For once, I was perfectly willing to do so. I mean, I was mad and everything. Don't get me wrong. But a part of me was also scared. More scared even than I'd been when I'd seen Heather all tied up in that bathtub. More scared than I'd been on that motorcycle, careening through the darkness of those woods.
Because this—the fire—was more terrible, in a way, than either of those things. This was awful, more awful than Heather's broken arm, and way more awful than me tipping over beneath an eight-hundred-pound bike.
Because this . . . this was out of control. This was dangerous. This was deadly.
Like what had happened to Amber.
"Don't worry," I said, gulping. "I will."
"Yeah," Special Agent Johnson said, clearly not believing me. "Right."
And then I heard it. My mom's voice, calling out my dad's name.
She came toward us, picking her way through the fire hoses, with a trench coat thrown over her nightgown and Douglas holding onto her elbow to keep her from tripping in her high-heeled sandals. My dad, seeing her, started forward, meeting her just beside one of the biggest fire engines.
"Oh, Joe," my mom said, sighing as she watched the flames that still seemed to rise so high into the sky, they were practically licking it. "Oh, Joe."
"It's all right, Toni," my dad said, taking her hand. "I mean, don't worry. The insurance is all paid up. We're totally covered. We can rebuild."
"But all that work, Joe," my mom said. Her gaze never left the fire, as if it had transfixed her. And you know, even though it was this horrible thing, it was still beautiful, in a way. The firefighters had given up trying to put the flames out, and were instead concentrating on keeping them from spreading to the buildings next door. And so far, they were doing a good job.
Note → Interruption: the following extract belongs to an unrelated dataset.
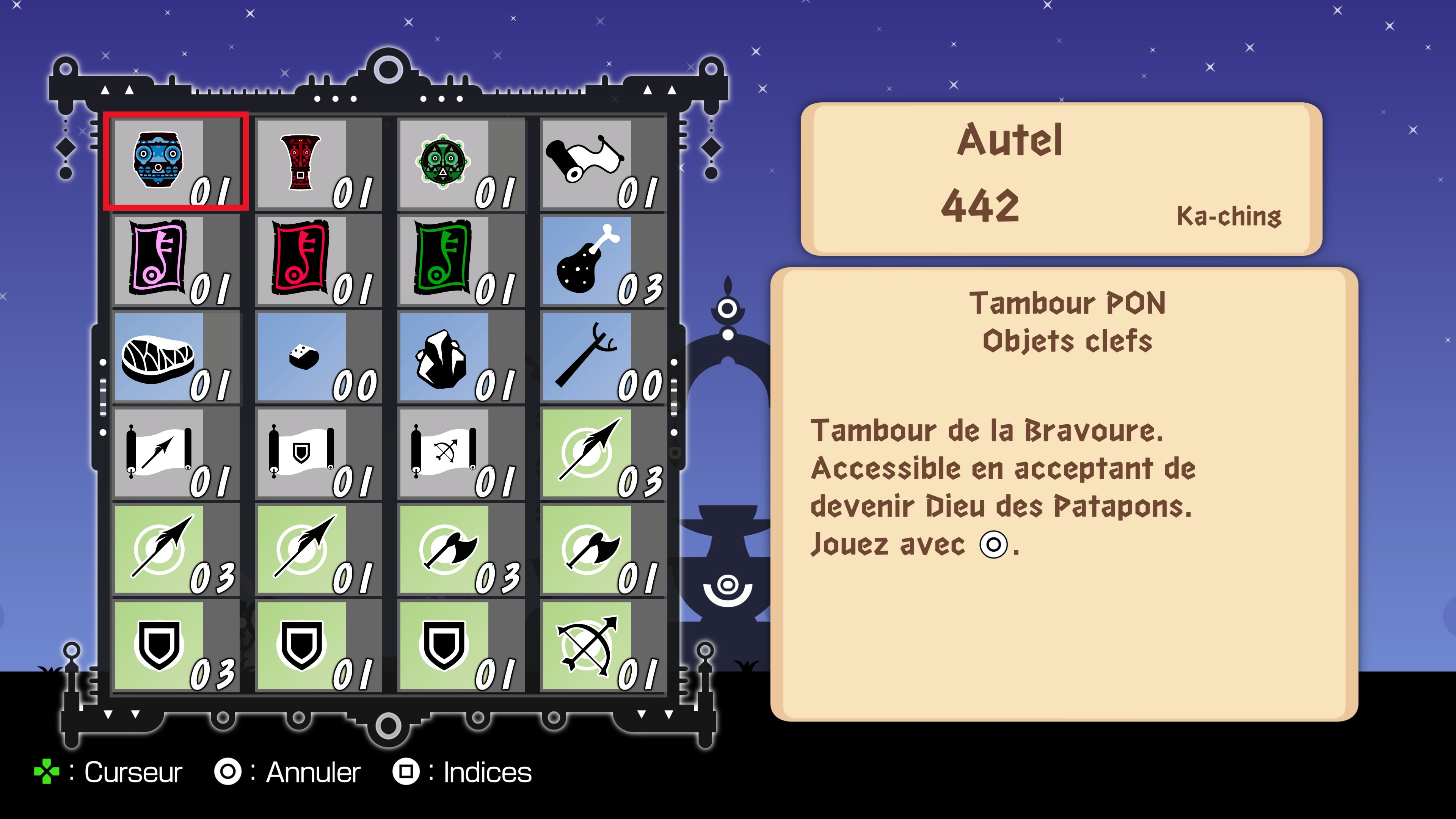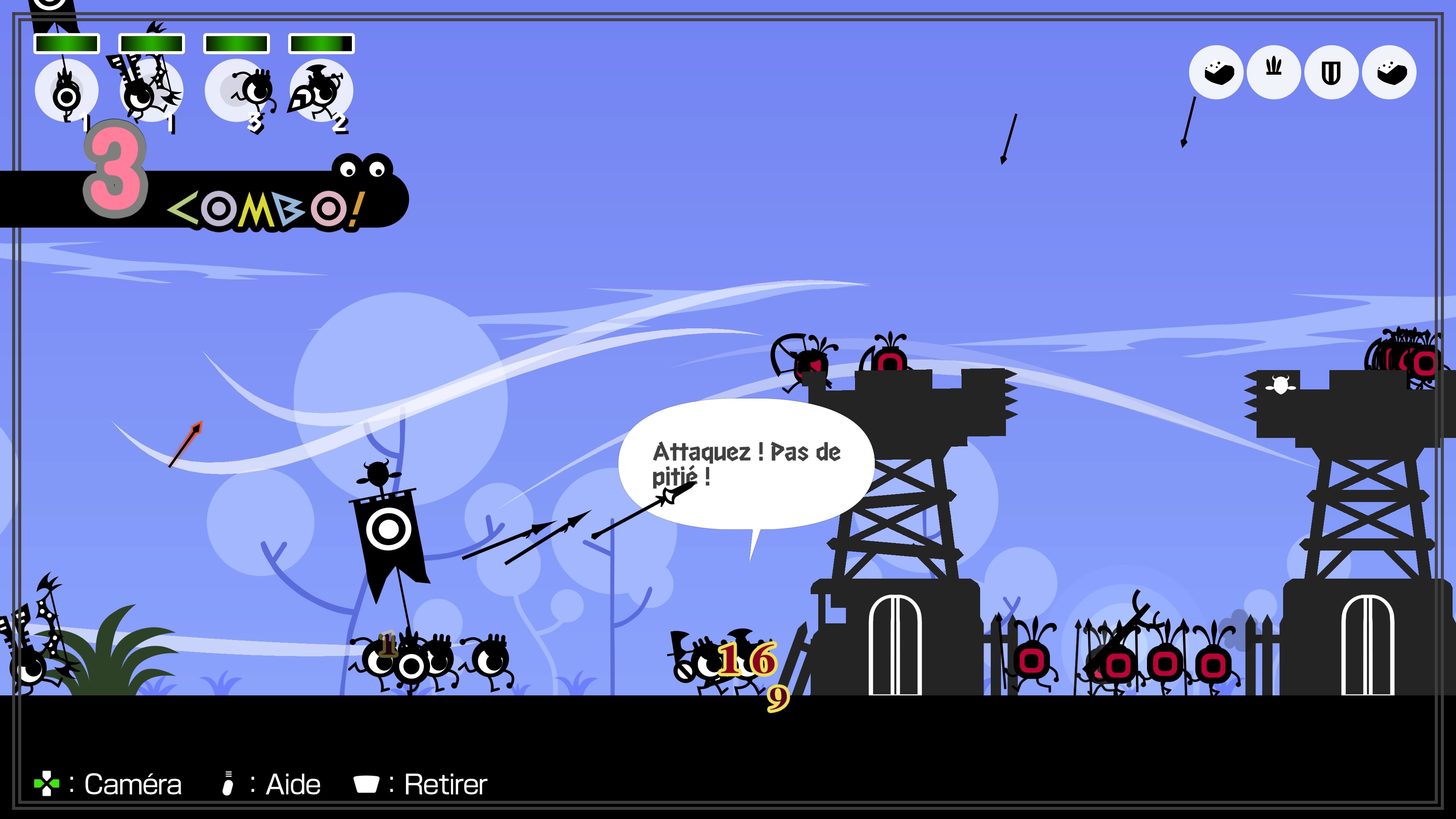Et c’est à peu près tout. Pas de réel changement graphique ou sonore, aucun changement dans le gameplay, Patapon 1+2 Replay n’est qu’un simple portage d’une version déjà « upscalée » en 2017. Nous avons même remarqué de légers ralentissements lors de l’affichage des séquences nous présentant nos nouveaux combos de touches, un comble pour des jeux PSP portés sur la génération actuelle.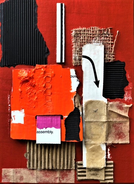ASSEMBLY is a paper assemblage, 8×10, acrylic, collage on canvas board

"All your hard work. Twenty years of it." I saw my mom tilt her head until it was resting on my dad's shoulder. "I'm so sorry, Joe."
"It's okay," my dad said. He let go of her hand, and put his arm around her instead. "It's just a restaurant. That's all. Just a restaurant."
Just a restaurant. Just my dad's dream restaurant, that's all, the one he'd worked hardest and longest on. Joe's, my dad's less-expensive restaurant, brought in barely half the income of Mastriani's, and Joe Junior's, the take-out pizza place, even less than that. We were, I knew, going to be hurting financially for a while, insurance or no insurance.
But my dad didn't seem to care. He gave my mom a squeeze and said, with only somewhat forced jocularity, "Hey, if something had to go, I'm glad it's this and not the house."
They didn't say anything else after that. They just stood there with their arms around each other and their heads together, watching a big part of their livelihood go up in smoke.